# Support for lower and higher dimensional fields in GTScript
###### tags: `cycle 1`
## Problem
GTScript stencils currently only support 3D scalar fields. Although this approach simplified the initial development of the toolchain, and works for the most common cases, it complicates the development of applications storing 2D or 1D data (domain dims < 3) or dealing with fields that do not contain scalar values but vector/tensor values (data dims > 1). Currently, the user needs to use workarounds to deal with these cases using 3D fields:
- tile the lower dimensional data to fit into a 3D array. This greatly affects performance.
- use several scalar 3D fields to represent a single vector field, which obfuscates the code and does not scale for large vectors or higher order fields. A critical example of higher dimensional fields appears in the CloudSC dwarf from Escape (example code for porting IFS physics to GT4Py), which contains an LU solver. Additionally, high-order FEM methods also require non-scalar datatypes, for example to store degrees of freedom.
## Appetite
Half a cycle.
## Solution
Since this project involves API and DSL changes, a small GDP could be written to collect the proposed changes and document the reasons behind the design. The actual implementation of this project during the build cycle would be used as the reference implementation of the GDP and could be approved and merged at the end, if the projects succeeds.

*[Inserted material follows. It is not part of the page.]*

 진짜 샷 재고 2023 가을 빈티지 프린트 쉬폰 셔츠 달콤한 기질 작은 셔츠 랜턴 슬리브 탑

### For lower dimensional fields
This has been implemented for the non-GTC backends in PR [#288](https://github.com/GridTools/gt4py/pull/288).
1. Move frontend checks to new PR
2. Add support for 1D and 2D fields in the `gtir.CartesianOffset` and `gtir.FieldDecl` nodes, by either using axes masks or optional offsets in the nodes (both approaches could work).

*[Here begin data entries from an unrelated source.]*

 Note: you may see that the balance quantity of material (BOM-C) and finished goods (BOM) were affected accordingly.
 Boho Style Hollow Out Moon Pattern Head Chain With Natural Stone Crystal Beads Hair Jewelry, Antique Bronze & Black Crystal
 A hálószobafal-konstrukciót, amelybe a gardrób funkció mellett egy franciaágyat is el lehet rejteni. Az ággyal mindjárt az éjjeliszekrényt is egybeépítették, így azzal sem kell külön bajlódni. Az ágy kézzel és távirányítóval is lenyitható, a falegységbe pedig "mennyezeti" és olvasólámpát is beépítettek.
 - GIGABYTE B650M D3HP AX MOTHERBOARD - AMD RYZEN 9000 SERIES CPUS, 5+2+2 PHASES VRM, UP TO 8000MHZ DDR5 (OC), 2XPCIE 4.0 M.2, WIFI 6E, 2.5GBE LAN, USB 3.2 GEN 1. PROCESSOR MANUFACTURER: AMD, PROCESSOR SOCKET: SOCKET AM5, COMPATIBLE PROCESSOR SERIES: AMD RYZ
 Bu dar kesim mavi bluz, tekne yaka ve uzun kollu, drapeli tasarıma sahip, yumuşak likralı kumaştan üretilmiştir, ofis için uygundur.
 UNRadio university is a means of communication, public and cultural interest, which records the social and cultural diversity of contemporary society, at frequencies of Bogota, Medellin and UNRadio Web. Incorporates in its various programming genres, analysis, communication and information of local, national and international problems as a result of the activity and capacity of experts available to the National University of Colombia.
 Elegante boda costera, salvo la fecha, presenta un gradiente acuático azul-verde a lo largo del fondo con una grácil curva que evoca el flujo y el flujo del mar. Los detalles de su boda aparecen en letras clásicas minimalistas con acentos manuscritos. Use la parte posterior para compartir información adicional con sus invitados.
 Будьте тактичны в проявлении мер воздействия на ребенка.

3. Support correct indexing in backends (ask Anton and Mauro about SID concept implemetation details)
- GridTools 1.x: May require different data store types for each field axis combination. See [#288](https://github.com/GridTools/gt4py/pull/288).
- GridTools 2.x: Uses SIDs and an adapter from Buffer Protocol to SID (which it is currently possible using `rename_dimensions` ??).
4. Adapt `StencilObject.__call__() / _call_run()` checks to deal with lower dimensional / masked arrays (using old storages for now, which do not check that the axis tags are correct, just check that `ndims` matches).
### For higher dimensional fields
1. First task is to define the syntax to be used for defining and indexing higher dimensional fields and extend the frontend to support it.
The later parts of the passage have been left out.